(2024-01-14) Tufekci A Strongman President These Voters Crave It

Zeynep Tufekci: A Strongman President? These Voters Crave It. For her and many others, she said, his most important quality was strength: He had the fortitude to keep the country safe, avoid new wars and ensure the economy hummed along... Sharp readily conceded that not everything Donald Trump said was great, but she saw that as part of the right personality to be president. “You gotta be a little crazy, maybe, to make sure other countries respect and fear us,” she said

Many people may be driven by fear of him because he’ll do what he says he’s going to do, and he’s not afraid to talk about it.

I first began attending Trump rallies eight years ago,

Rather than the bumbling celebrity I expected, I encountered a politician laying the groundwork for a powerful political realignment around subjects too readily brushed aside by the bipartisan establishment (elite) in Washington, such as the loss of manufacturing in the United States; those left behind by globalization and trade, especially trade with China; the legacy of the Iraq war and U.S. involvement in foreign wars in general; and, of course, immigration.

The authoritarian label has been attached to Trump by critics for years, especially after he sought to overturn the 2020 election results

I have studied and written about authoritarianism for years, and I think it’s important to pay attention to the views and motivations of voters who support authoritarian politicians

Around the world, these politicians are not just getting elected democratically; they are often retaining enough popular support after a term — or two or three — to get re-elected

Authoritarian leaders project qualities that many voters — not just Trump voters — admire: strength, a sense of control, even an ends-justify-the-means leadership style.

What I heard from voters drawn to Trump was that he had a special strength in making the economy work better for them than Biden has, and that he was a tough, “don’t mess with me” absolutist, which they see as helping to prevent new wars.

Debbie Finch leaped to her feet when Trump walked into the arena, and like many around us, she started filming. Finch defies stereotypes of Trump supporters: She’s Black and is concerned with racism, which she says greatly affects her life and that of her children. She doesn’t deny there are racists among Trump’s supporters, but as far as she’s concerned, that goes for Democrats, too. She told me she supports Trump because the economy was better under him

Projecting strength and being seen as authentic are common themes among other leaders whom political scientists would call “competitive authoritarians.” In their regimes, many of the basic tenets of liberal democracy are violated, but elections, largely free of widespread fraud, are regularly held.

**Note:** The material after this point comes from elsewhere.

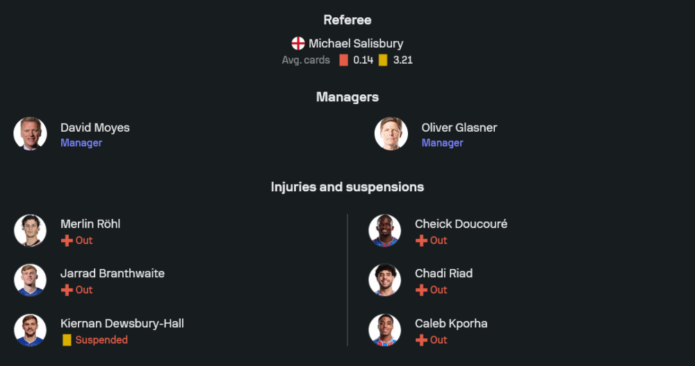 ลูกทีมของ เดวิด มอยส์ กำลังเจอปัญหาเรื่องผู้เล่นบาดเจ็บและติดโทษแบน โดย เคียร์แนน ดิวส์บิวรี่-ฮอลล์ หมดสิทธิ์ลงสนามจากการสะสมใบเหลืองครบโควต้า ขณะที่ เมอร์ลิน โรห์ล และ จาร์แรด แบรนธ์เวต ยังอยู่ในช่วงพักฟื้น ส่งผลให้แผนการเล่นแบบ 4-2-3-1 ต้องพึ่งพา เบโต้ ในการล่าตาข่ายหน้าเป้า มี อิลิมาน เอ็นดิอาย, การ์ลอส อัลการาซ และ แจ็ค กรีลิช คอยสร้างสรรค์เกมรุกอยู่ด้านหลัง ส่วนแดนกลางมี เจมส์ การ์เนอร์ และ อิดริสซ่า กูเอเย่ เป็นแกนหลักคุมจังหวะ

Many political scientists place Narendra Modi of India (his party recently won major victories in state elections, and a third term is possible), Recep Tayyip Erdogan of Turkey (on his third term as president, after three stints as prime minister) and Viktor Orban of Hungary (in his fourth consecutive term) in this category.

In Iowa, Trump praised Orban himself before telling a cheering crowd: “For four straight years, I kept America safe. I kept Israel safe. I kept Ukraine safe, and I kept the entire world safe.”

Charisma is an underrated aspect of political success — and it’s not necessarily a function of political viewpoint. Bill Clinton and Barack Obama oozed it, for example, and so does Trump.

Charisma is so central to politics that Max Weber, a founder of sociology, included charismatic authority (along with legal authority, as in republics and democracies; and traditional authority, as in feudalism or monarchy) as one of three types of power people see as legitimate.

Some Trump supporters told me that whatever happened was carried out by a fringe faction that did not represent Trump’s base.

I pressed many Trump supporters about the events around Jan. 6, 2021, at the Capitol. I didn’t encounter a single outright supporter of what happened, but many people explained the events away

Cheryl Sharp, too, told me that she doesn’t worry about all the talk of Trump being a dictator. For her, biased mainstream media is misrepresenting him. “He was making the point that he’d use executive orders on Day 1, like the others do — executive orders bypass Congress, but that’s how it’s done these days,” she said. “He was being sarcastic, not saying he’d be a real dictator.”

It’s easy to see why Trump’s political message can override concerns about the process of democracy for many. What’s a bit of due process overstepped here, a trampled emoluments clause there, when all politicians are believed to be corrupt and fractured information sources pump very different messages about reality?